# Working data
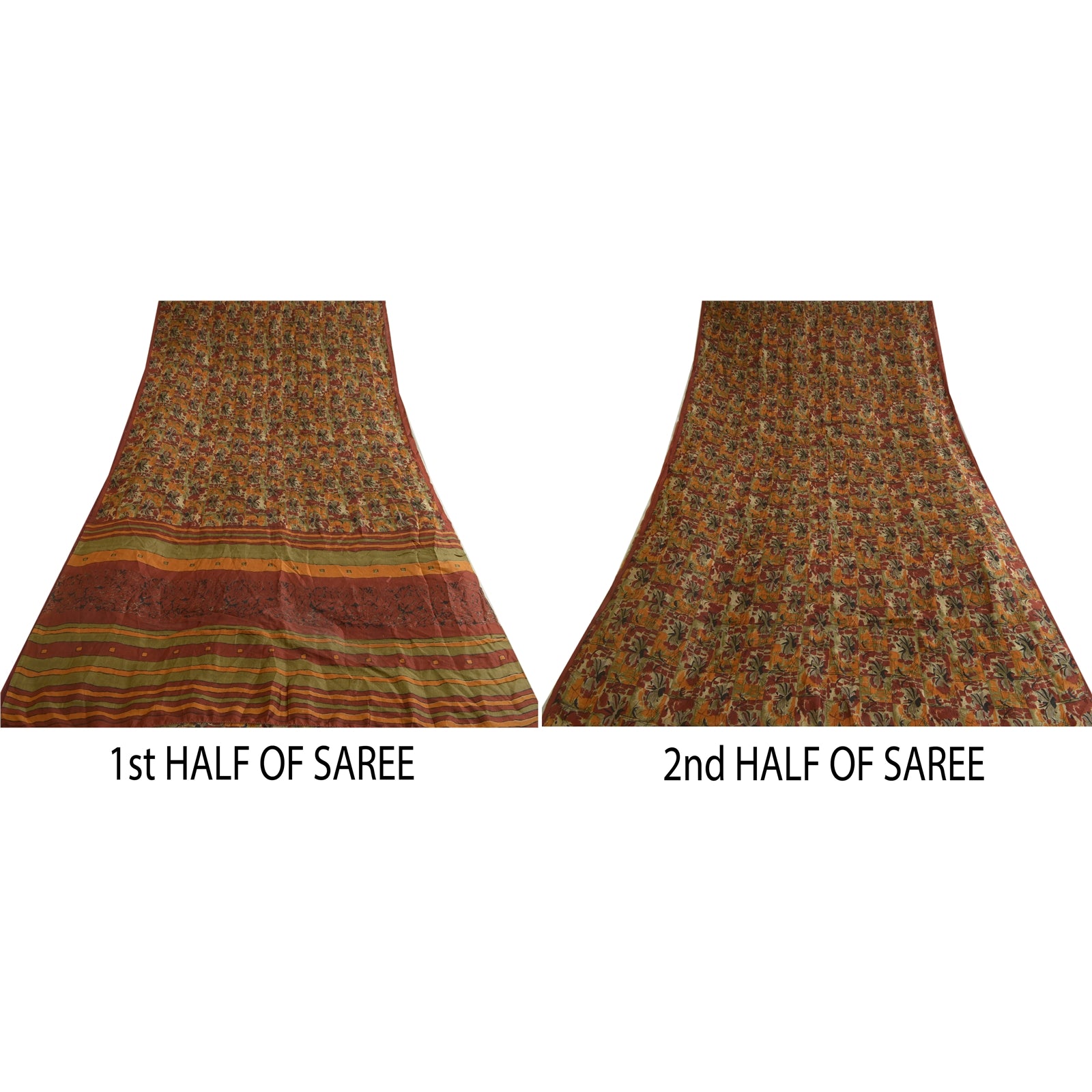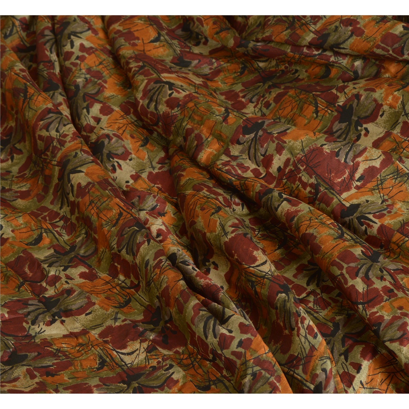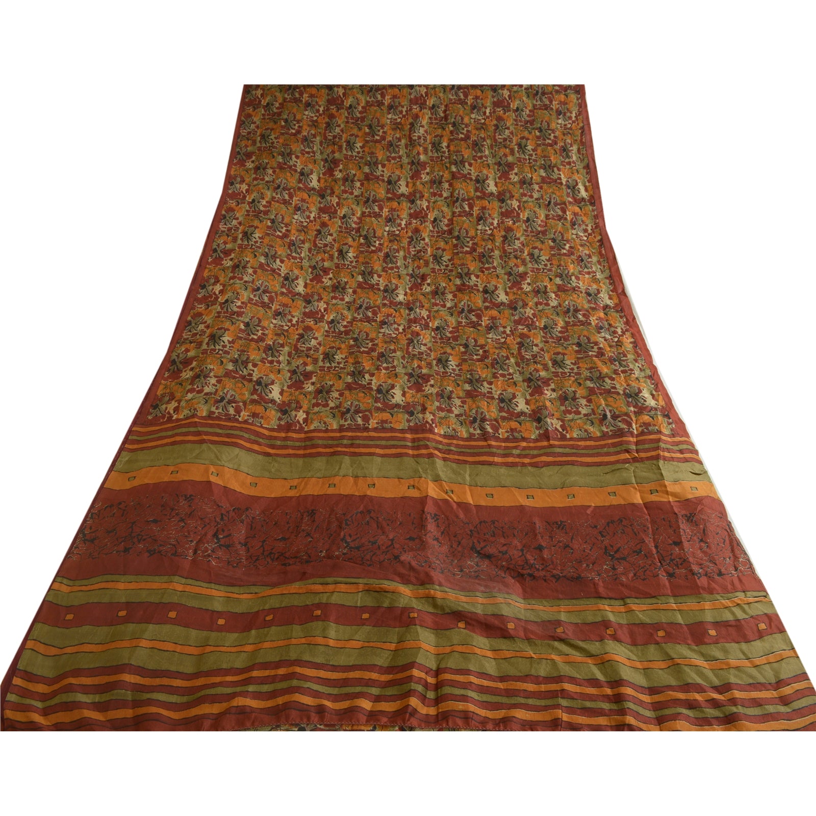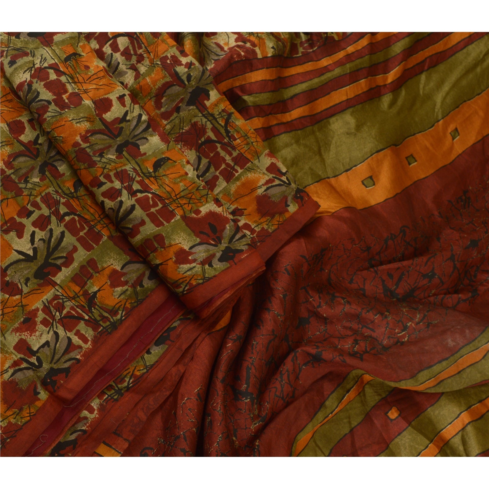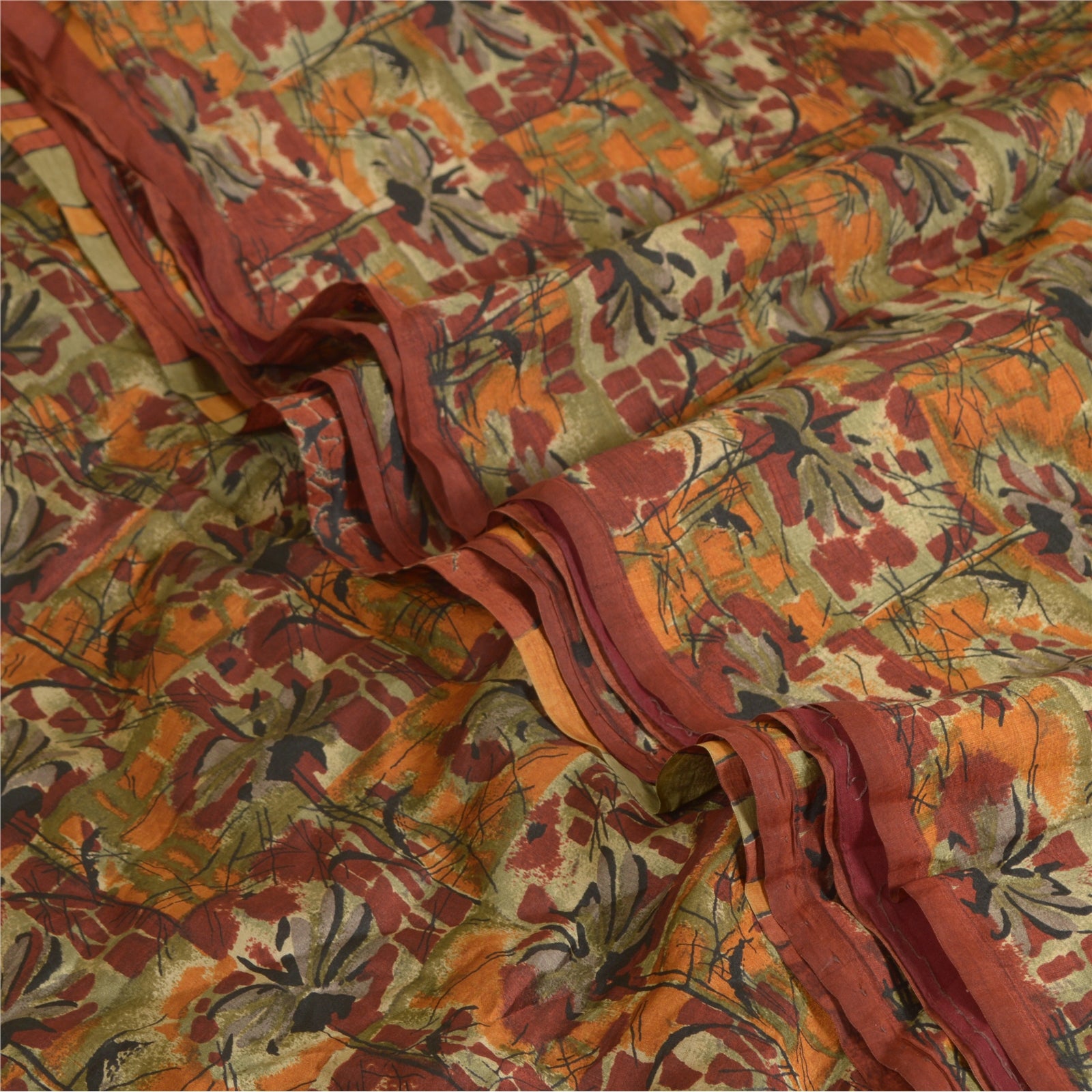Sanskriti Vintage Sarees Multi 100% Pure Silk Printed Sari Soft 5YD Craft Sustainable Fabric
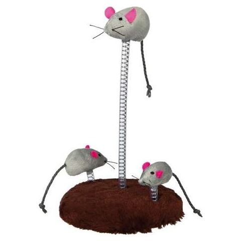 Talpon álló macskajáték fémrúgókra rögzített plüss egérkékkel. A talp rész barna színű szőrmével bevont, ami macskamentával kezelt, így különösen ösztönzi a cicát a játékra. A 3 rugós egér szintén mentával kezelt. A parafa talp nehéz, így nehezen felborítható.
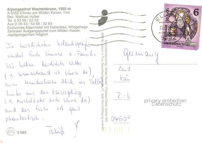 73046368 alte Postkarte Ellmau Tirol Alpengasthof Wochenbrunn postalisch gelaufen Erhaltung siehe scans [KathaD81] KatCode: 11390335070509
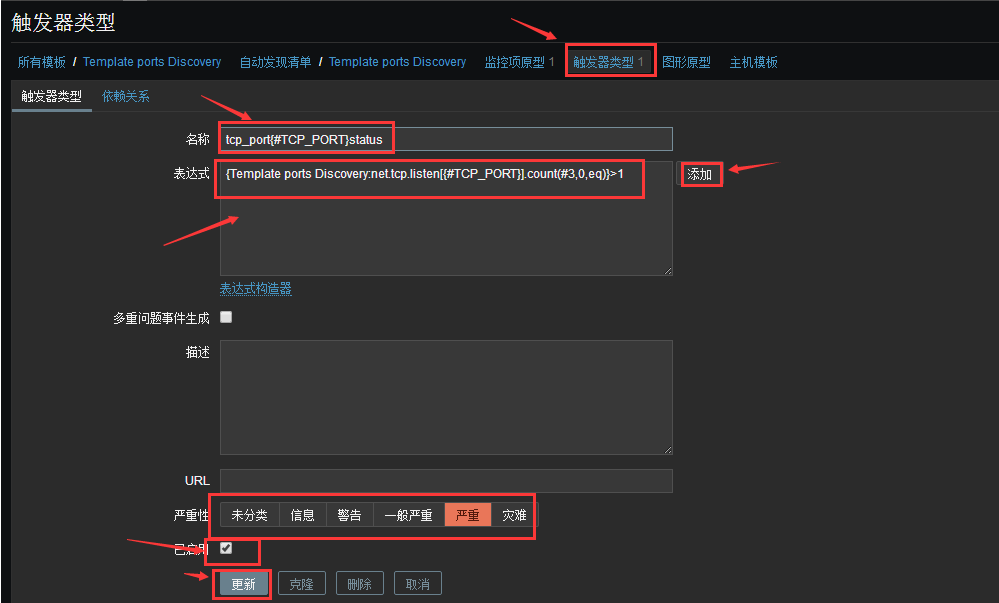注意這里的表態示count(#3,0,eq) > 1表示最近3次的返回值為0,這個條件觸發一次則報警.
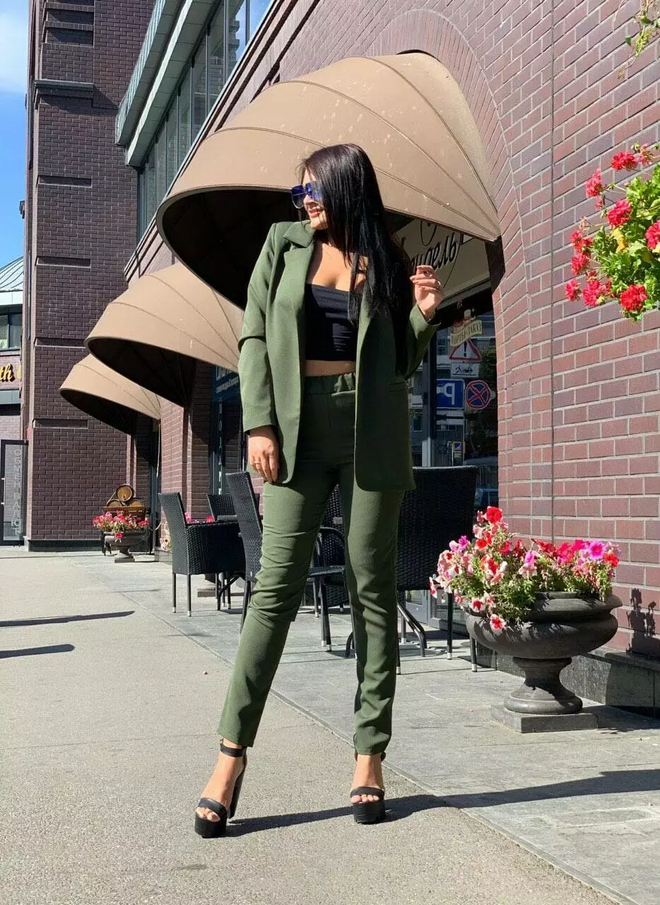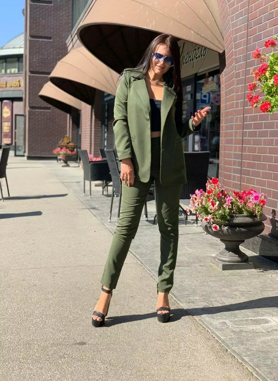 Стильний класичний костюм із тендовими штанами-дудочками високої посадки та дуже ефектним піджаком прямого крою з кишенями
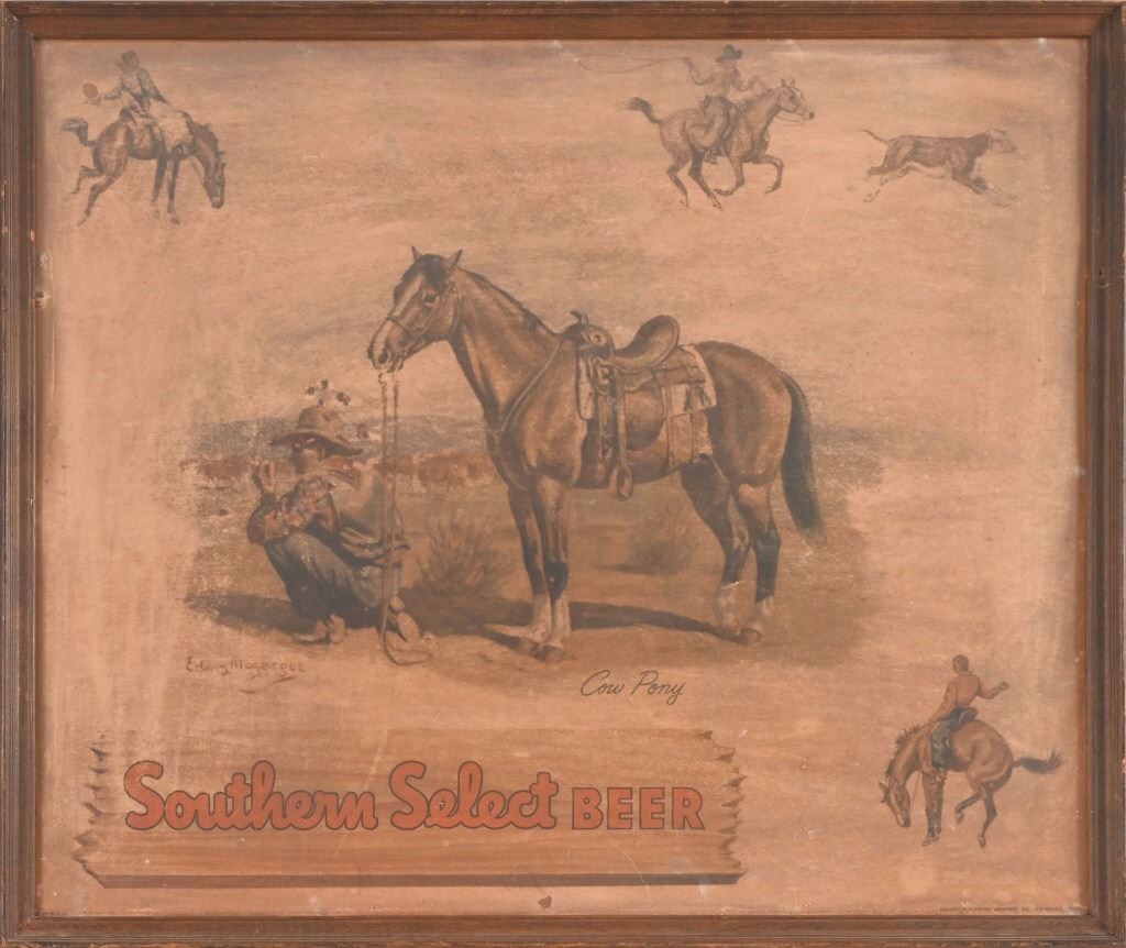 "Cow Pony", from original by Edwin Megargee, circa 1940's. Frame measures 21" x 25".
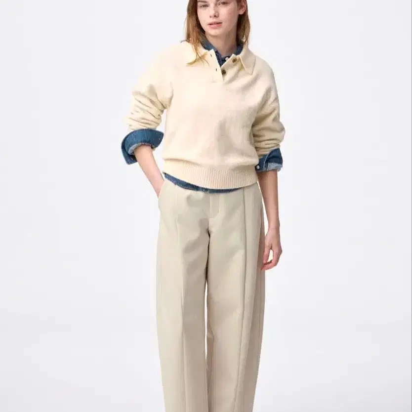 피아체레 속기모 스트레이트 팬츠 베이지
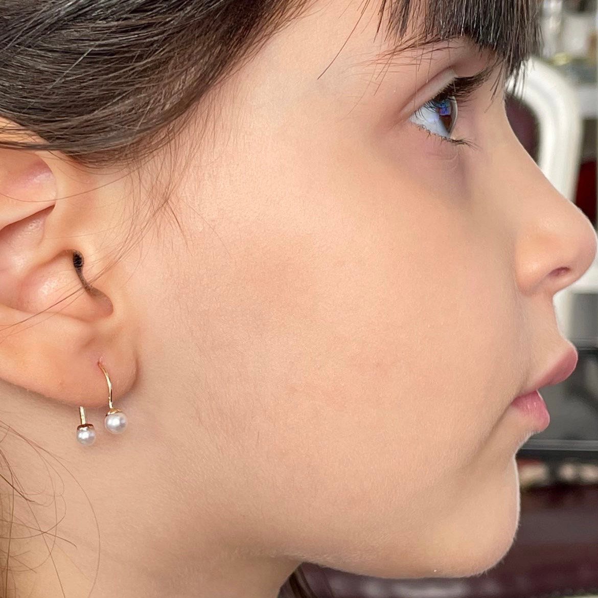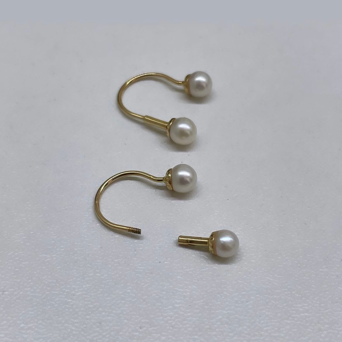 Brinco Anzol com Pérolas e fecho em rosca, no ouro amarelo 18K

# Directions
Print the lines from the one holding "Стильний класичний костюм" through the last line of the records, word for word, and omit the pictures.

# Answer space
 Стильний класичний костюм із тендовими штанами-дудочками високої посадки та дуже ефектним піджаком прямого крою з кишенями
 "Cow Pony", from original by Edwin Megargee, circa 1940's. Frame measures 21" x 25".
 피아체레 속기모 스트레이트 팬츠 베이지
 Brinco Anzol com Pérolas e fecho em rosca, no ouro amarelo 18K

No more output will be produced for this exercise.